→ Work to be completed:
Everything in the records below is to be reproduced exactly, apart from the images.

→ Data shown:
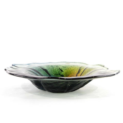 Designen är i kvadratisk form med vågiga kanter, glasyr i jade-grönt som övergår i en mörkbrun/svart kant med gula detaljer.
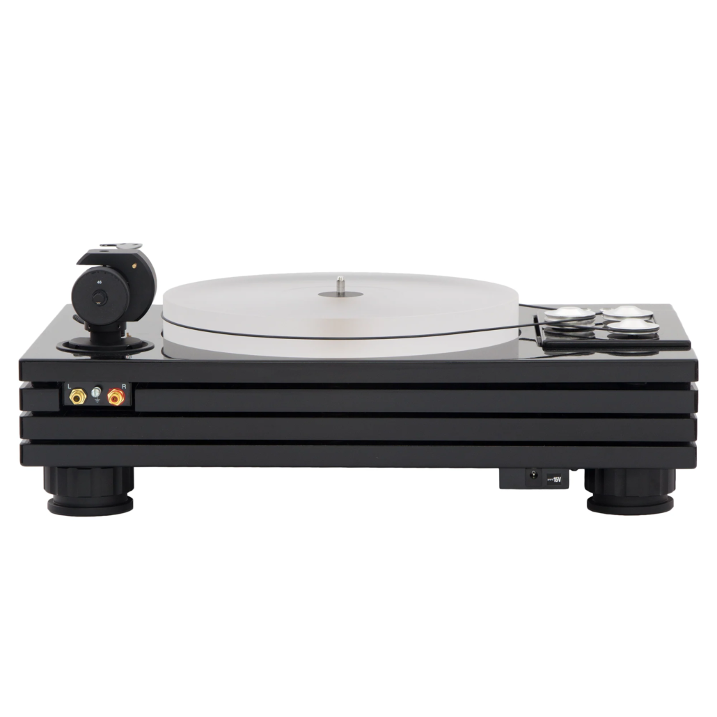 La platine est équipée d’un bras de lecture en fibre de carbone, conçu pour offrir rigidité, amortissement et légèreté. Il assure un suivi du sillon extrêmement précis, une excellente séparation des canaux et des timbres d’un réalisme saisissant.
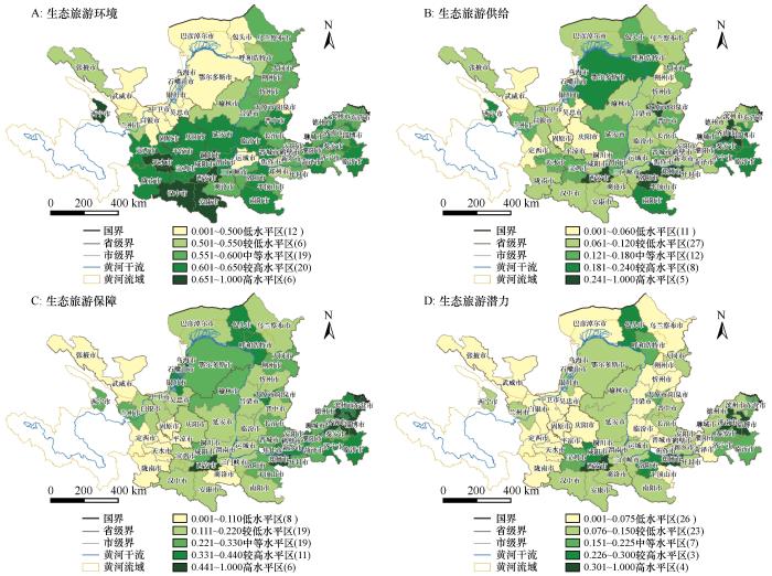 以2013—2022年生态旅游发展各分维度均值为分析依据,对其进行ArcGIS地图呈现(图2 ),4个细分维度呈现模式多元且形态差异的分异格局。生态旅游环境维度表现为资源主导、边缘分布的空间格局(图2 A),高水平区集中在西安、汉中、安康、铜川、天水等生态条件优越的边缘城市,这些地市多位于秦岭、祁连山等重要生态功能区,远离高强度经济活动区域,保持相对原始的自然生态系统。包头、鄂尔多斯、乌海等传统重工业城市由于长期承担资源开采和工业生产功能,生态环境均位列低水平区,这表明在生态文明建设背景下传统资源型城市面临发展模式转型的迫切需求。生态旅游供给维度呈现出典型的核心-边缘分布特征(图2 B),高水平区几乎被太原、济南、郑州、洛阳、西安等省会城市垄断,这些城市凭借其政治中心和资源配置优势,在基础设施、服务体系、产业投资等方面具有先发优势。较低水平区多达27个地市,主要分布于黄河上中游的边缘地区。
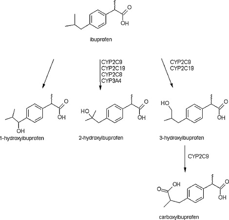 이부프로펜의 대사는 2 또는 3-하이드록시 유도체의 형성을 위한 Isobutyl chains의 하이드록실화에 이어, 2-carboxy-ibuprofen and p-carboxy-2-propionate의 산화가 1단계이다. 이러한 산화 반응은 cytochrome P450 동형 CYP 2C9, CYP 2C19 및 CYP 2C8의 활성에 의해 일어난다. 따라서 이러한 효소는 alkyl side chain를 하이드록실 및 카르복실 유도체로 산화시키는 데 참여한다. 이 효소에서 산화 대사를 형성하는 주요 촉매는 동형 CYP 2C9이다. 2단계에서는 phenolic and acyl glucuronides를 형성한다.
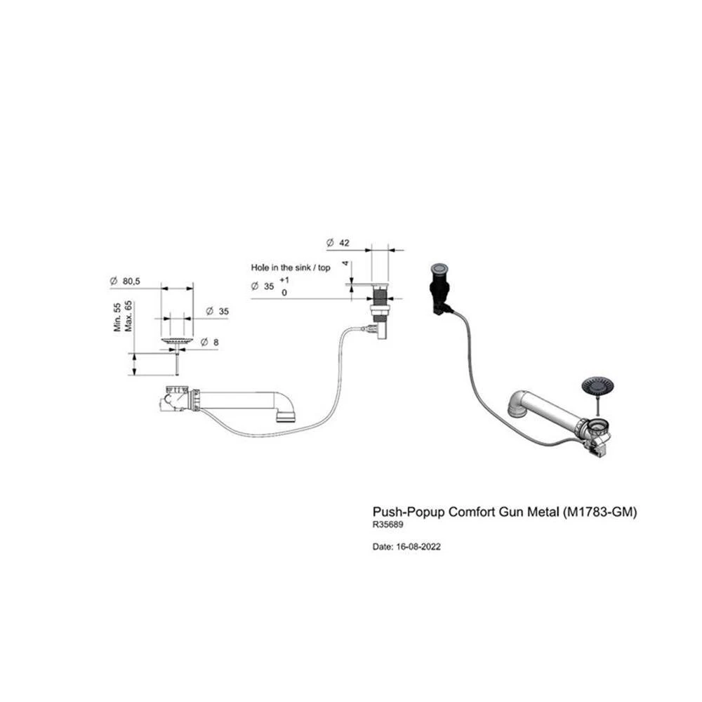 Reginox Druckknopfexzenter Set M1783 Gun Metal Silver nur geeignet für New York Gun Metal Silver – Comfort
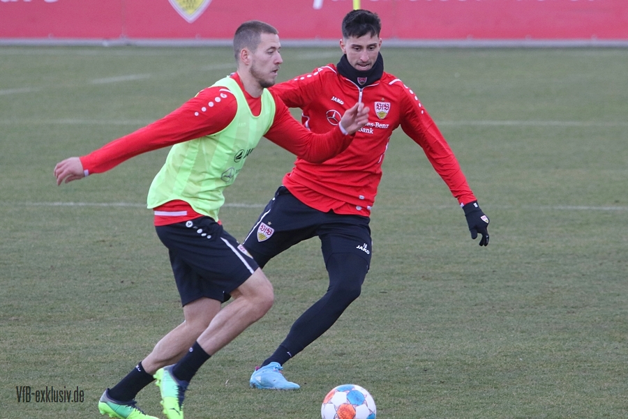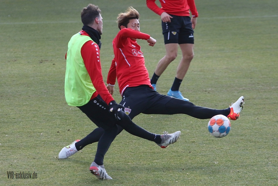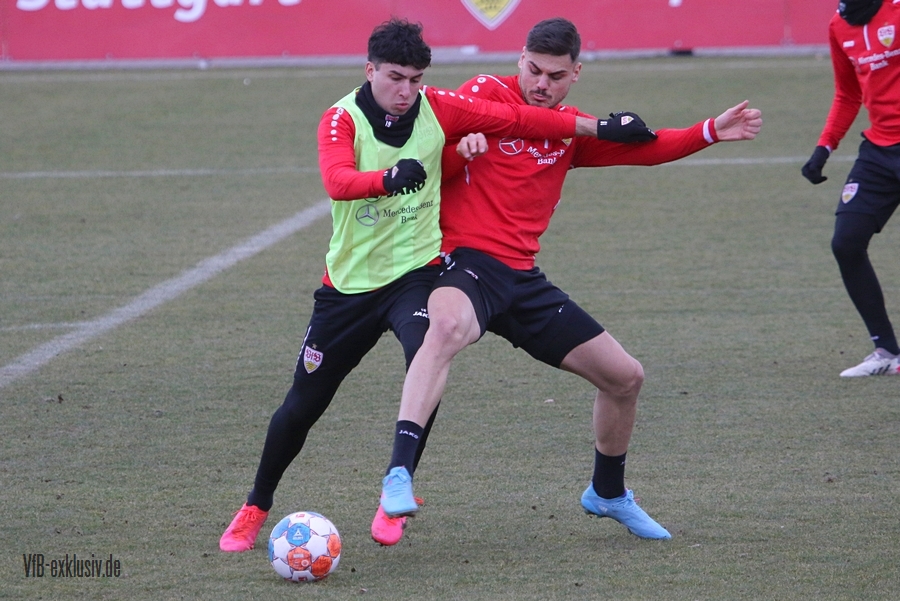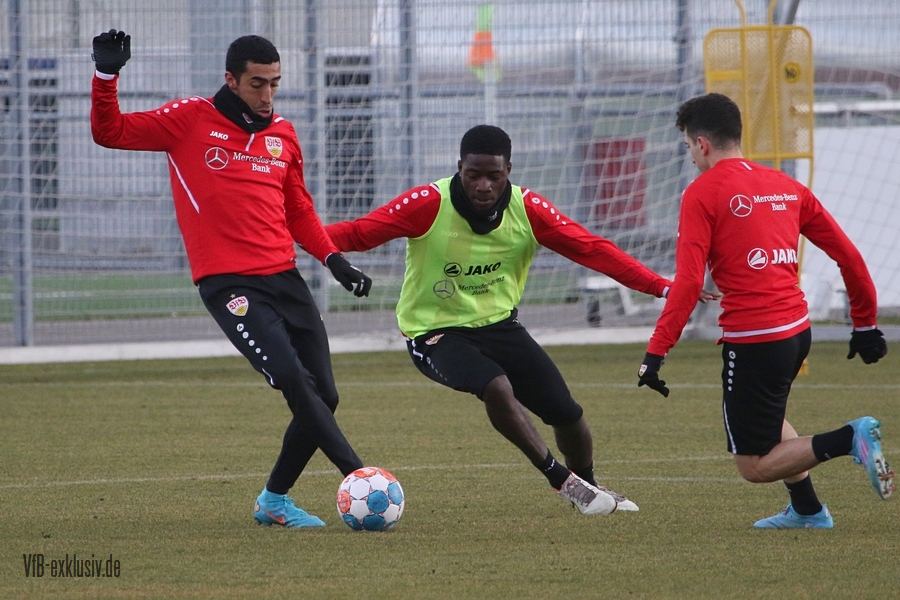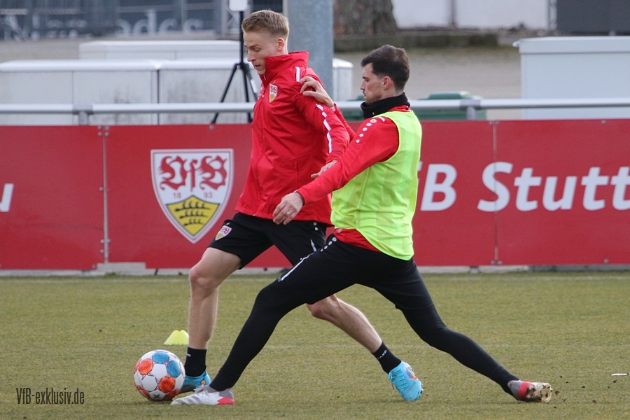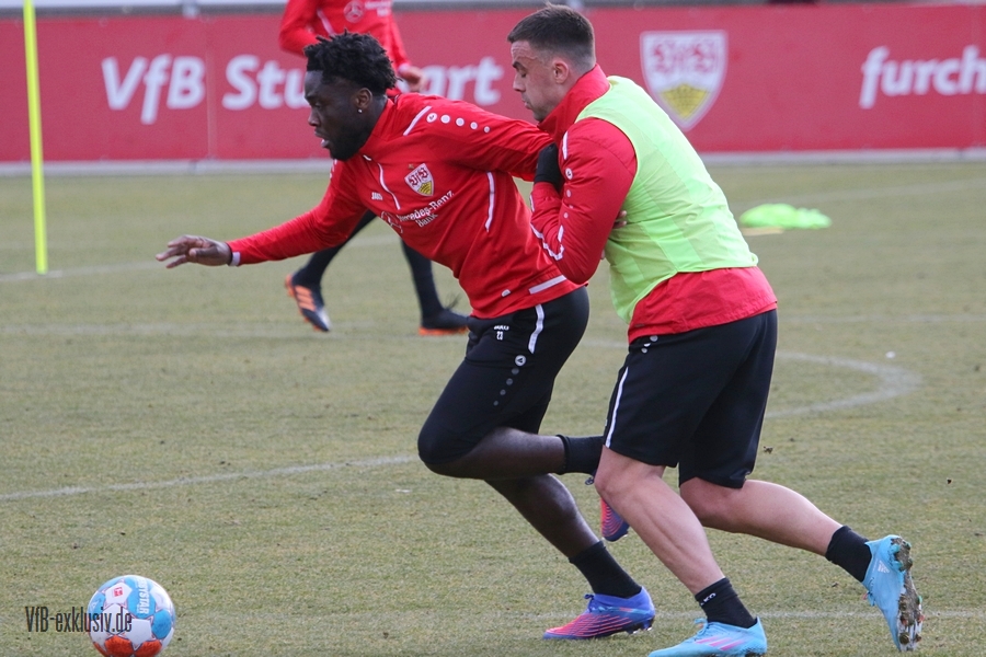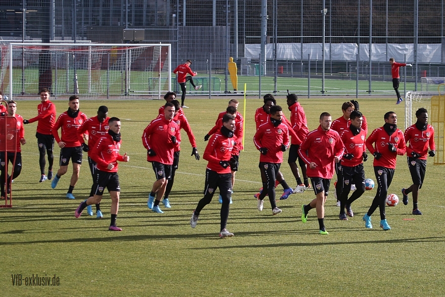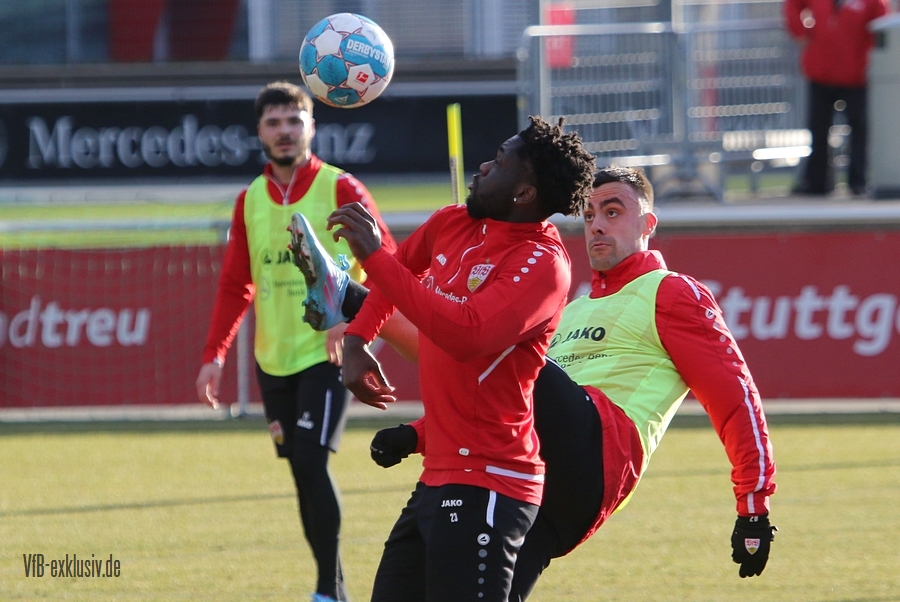 Zwei freie Tage waren für die Akteure des VfB drin, ehe es am Dienstag wieder auf den Rasen ging. Bochum wartet im Heimspiel am Samstag auf den VfB, die die Bayern regelrecht aus dem Stadion geschossen hatten. Als einer der ersten Spieler kam Waldemar Anton aus der Kabine. Er konnte nach seinem positiven Corona-Befund wieder mitwirken und war sofort über die volle Distanz in allen Übungen am Ball. Von Omar Marmoush, der sich ebenfalls das Coronavirus einfing, war noch nichts zu sehen. Für Sasa Kalajdzic reichte es mit seinen Wadenproblemen auch noch nicht fürs Mannschaftstraining, er absolvierte ein individuelles Training im Kraftraum. Tanguy Coulibaly und Daniel Didavi liefen nach dem gemeinsamen Warm-Up ihre Runden, vormutlich Trainingssteuerung. Der Rest des Teams teilte sich in zwei Gruppen auf die beiden Hälften des Trainingsplatzes auf. Es ging darum, mit einem langen Ball aus der Abwehrreihe über die Flügel oder durch die Mitte ins Angriffsspiel zu gelangen. Das Mittelfeld sollte dabei schnell überbrückt werden, um so zum Torabschluss zu kommen. Die Stürmer mussten sich gegen eine massive Abwehrreihe durchsetzen. Auch der nächste Gegner Bochum, wird vermutlich nicht unbedingt das Spiel machen wollen, sondern aus einer kompakten Defensive agieren.
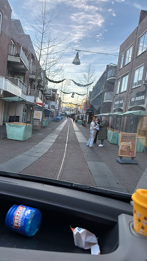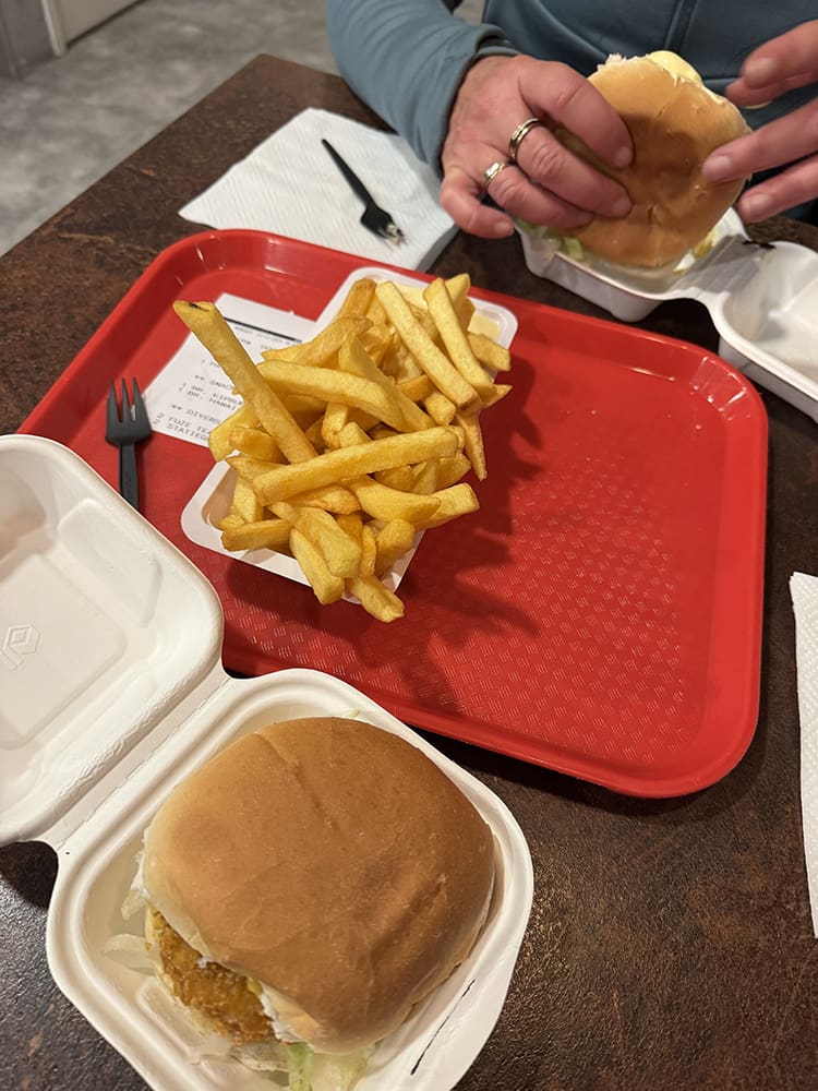Thijs was laat thuis en ik was nog druk bezig. Ik heb tussendoor even een patatje gehaald.

→ Solution for this task:
 Designen är i kvadratisk form med vågiga kanter, glasyr i jade-grönt som övergår i en mörkbrun/svart kant med gula detaljer.
 La platine est équipée d’un bras de lecture en fibre de carbone, conçu pour offrir rigidité, amortissement et légèreté. Il assure un suivi du sillon extrêmement précis, une excellente séparation des canaux et des timbres d’un réalisme saisissant.
 以2013—2022年生态旅游发展各分维度均值为分析依据,对其进行ArcGIS地图呈现(图2 ),4个细分维度呈现模式多元且形态差异的分异格局。生态旅游环境维度表现为资源主导、边缘分布的空间格局(图2 A),高水平区集中在西安、汉中、安康、铜川、天水等生态条件优越的边缘城市,这些地市多位于秦岭、祁连山等重要生态功能区,远离高强度经济活动区域,保持相对原始的自然生态系统。包头、鄂尔多斯、乌海等传统重工业城市由于长期承担资源开采和工业生产功能,生态环境均位列低水平区,这表明在生态文明建设背景下传统资源型城市面临发展模式转型的迫切需求。生态旅游供给维度呈现出典型的核心-边缘分布特征(图2 B),高水平区几乎被太原、济南、郑州、洛阳、西安等省会城市垄断,这些城市凭借其政治中心和资源配置优势,在基础设施、服务体系、产业投资等方面具有先发优势。较低水平区多达27个地市,主要分布于黄河上中游的边缘地区。
 이부프로펜의 대사는 2 또는 3-하이드록시 유도체의 형성을 위한 Isobutyl chains의 하이드록실화에 이어, 2-carboxy-ibuprofen and p-carboxy-2-propionate의 산화가 1단계이다. 이러한 산화 반응은 cytochrome P450 동형 CYP 2C9, CYP 2C19 및 CYP 2C8의 활성에 의해 일어난다. 따라서 이러한 효소는 alkyl side chain를 하이드록실 및 카르복실 유도체로 산화시키는 데 참여한다. 이 효소에서 산화 대사를 형성하는 주요 촉매는 동형 CYP 2C9이다. 2단계에서는 phenolic and acyl glucuronides를 형성한다.
 Reginox Druckknopfexzenter Set M1783 Gun Metal Silver nur geeignet für New York Gun Metal Silver – Comfort
 Zwei freie Tage waren für die Akteure des VfB drin, ehe es am Dienstag wieder auf den Rasen ging. Bochum wartet im Heimspiel am Samstag auf den VfB, die die Bayern regelrecht aus dem Stadion geschossen hatten. Als einer der ersten Spieler kam Waldemar Anton aus der Kabine. Er konnte nach seinem positiven Corona-Befund wieder mitwirken und war sofort über die volle Distanz in allen Übungen am Ball. Von Omar Marmoush, der sich ebenfalls das Coronavirus einfing, war noch nichts zu sehen. Für Sasa Kalajdzic reichte es mit seinen Wadenproblemen auch noch nicht fürs Mannschaftstraining, er absolvierte ein individuelles Training im Kraftraum. Tanguy Coulibaly und Daniel Didavi liefen nach dem gemeinsamen Warm-Up ihre Runden, vormutlich Trainingssteuerung. Der Rest des Teams teilte sich in zwei Gruppen auf die beiden Hälften des Trainingsplatzes auf. Es ging darum, mit einem langen Ball aus der Abwehrreihe über die Flügel oder durch die Mitte ins Angriffsspiel zu gelangen. Das Mittelfeld sollte dabei schnell überbrückt werden, um so zum Torabschluss zu kommen. Die Stürmer mussten sich gegen eine massive Abwehrreihe durchsetzen. Auch der nächste Gegner Bochum, wird vermutlich nicht unbedingt das Spiel machen wollen, sondern aus einer kompakten Defensive agieren.
Thijs was laat thuis en ik was nog druk bezig. Ik heb tussendoor even een patatje gehaald.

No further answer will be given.